[[ SUPPLIED DATA, beginning ]]
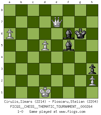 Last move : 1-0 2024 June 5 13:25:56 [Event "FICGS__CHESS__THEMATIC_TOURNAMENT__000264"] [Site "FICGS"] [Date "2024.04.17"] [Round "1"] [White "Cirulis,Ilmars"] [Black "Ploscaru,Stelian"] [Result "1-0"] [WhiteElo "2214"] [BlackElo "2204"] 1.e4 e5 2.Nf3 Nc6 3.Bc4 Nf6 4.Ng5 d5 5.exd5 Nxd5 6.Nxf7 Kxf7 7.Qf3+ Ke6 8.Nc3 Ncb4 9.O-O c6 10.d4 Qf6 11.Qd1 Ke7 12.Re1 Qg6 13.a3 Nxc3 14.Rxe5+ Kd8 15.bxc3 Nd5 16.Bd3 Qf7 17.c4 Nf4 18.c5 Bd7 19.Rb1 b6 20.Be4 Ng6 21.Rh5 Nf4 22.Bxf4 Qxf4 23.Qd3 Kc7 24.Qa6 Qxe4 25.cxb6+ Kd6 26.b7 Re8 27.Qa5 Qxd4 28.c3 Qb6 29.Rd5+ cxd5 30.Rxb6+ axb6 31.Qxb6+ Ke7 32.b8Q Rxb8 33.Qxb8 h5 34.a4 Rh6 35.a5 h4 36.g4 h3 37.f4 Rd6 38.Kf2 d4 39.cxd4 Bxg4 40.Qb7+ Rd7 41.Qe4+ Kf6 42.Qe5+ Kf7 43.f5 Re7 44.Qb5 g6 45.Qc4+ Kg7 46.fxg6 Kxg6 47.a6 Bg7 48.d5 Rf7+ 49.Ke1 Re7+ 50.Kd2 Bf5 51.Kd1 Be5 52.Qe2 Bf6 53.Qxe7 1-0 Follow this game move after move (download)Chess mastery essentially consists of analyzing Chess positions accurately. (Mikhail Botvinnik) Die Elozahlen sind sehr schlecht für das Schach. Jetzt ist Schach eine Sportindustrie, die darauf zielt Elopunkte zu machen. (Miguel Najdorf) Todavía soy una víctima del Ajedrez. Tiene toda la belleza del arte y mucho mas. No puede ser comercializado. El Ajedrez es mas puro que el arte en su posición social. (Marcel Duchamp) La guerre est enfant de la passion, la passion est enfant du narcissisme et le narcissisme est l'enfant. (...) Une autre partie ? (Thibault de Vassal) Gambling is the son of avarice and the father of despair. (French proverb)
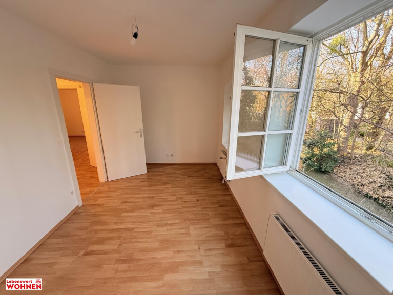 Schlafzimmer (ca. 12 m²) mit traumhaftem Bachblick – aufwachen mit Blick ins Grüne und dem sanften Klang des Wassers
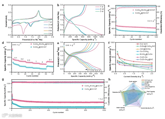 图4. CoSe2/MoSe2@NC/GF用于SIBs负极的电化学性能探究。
[[ SUPPLIED DATA, end ]]
TASK DESCRIPTION:
When you copy the lines above, drop the pictures and keep everything else exact.

ANSWER TO THIS EXERCISE:
 Last move : 1-0 2024 June 5 13:25:56 [Event "FICGS__CHESS__THEMATIC_TOURNAMENT__000264"] [Site "FICGS"] [Date "2024.04.17"] [Round "1"] [White "Cirulis,Ilmars"] [Black "Ploscaru,Stelian"] [Result "1-0"] [WhiteElo "2214"] [BlackElo "2204"] 1.e4 e5 2.Nf3 Nc6 3.Bc4 Nf6 4.Ng5 d5 5.exd5 Nxd5 6.Nxf7 Kxf7 7.Qf3+ Ke6 8.Nc3 Ncb4 9.O-O c6 10.d4 Qf6 11.Qd1 Ke7 12.Re1 Qg6 13.a3 Nxc3 14.Rxe5+ Kd8 15.bxc3 Nd5 16.Bd3 Qf7 17.c4 Nf4 18.c5 Bd7 19.Rb1 b6 20.Be4 Ng6 21.Rh5 Nf4 22.Bxf4 Qxf4 23.Qd3 Kc7 24.Qa6 Qxe4 25.cxb6+ Kd6 26.b7 Re8 27.Qa5 Qxd4 28.c3 Qb6 29.Rd5+ cxd5 30.Rxb6+ axb6 31.Qxb6+ Ke7 32.b8Q Rxb8 33.Qxb8 h5 34.a4 Rh6 35.a5 h4 36.g4 h3 37.f4 Rd6 38.Kf2 d4 39.cxd4 Bxg4 40.Qb7+ Rd7 41.Qe4+ Kf6 42.Qe5+ Kf7 43.f5 Re7 44.Qb5 g6 45.Qc4+ Kg7 46.fxg6 Kxg6 47.a6 Bg7 48.d5 Rf7+ 49.Ke1 Re7+ 50.Kd2 Bf5 51.Kd1 Be5 52.Qe2 Bf6 53.Qxe7 1-0 Follow this game move after move (download)Chess mastery essentially consists of analyzing Chess positions accurately. (Mikhail Botvinnik) Die Elozahlen sind sehr schlecht für das Schach. Jetzt ist Schach eine Sportindustrie, die darauf zielt Elopunkte zu machen. (Miguel Najdorf) Todavía soy una víctima del Ajedrez. Tiene toda la belleza del arte y mucho mas. No puede ser comercializado. El Ajedrez es mas puro que el arte en su posición social. (Marcel Duchamp) La guerre est enfant de la passion, la passion est enfant du narcissisme et le narcissisme est l'enfant. (...) Une autre partie ? (Thibault de Vassal) Gambling is the son of avarice and the father of despair. (French proverb)
 Schlafzimmer (ca. 12 m²) mit traumhaftem Bachblick – aufwachen mit Blick ins Grüne und dem sanften Klang des Wassers
 图4. CoSe2/MoSe2@NC/GF用于SIBs负极的电化学性能探究。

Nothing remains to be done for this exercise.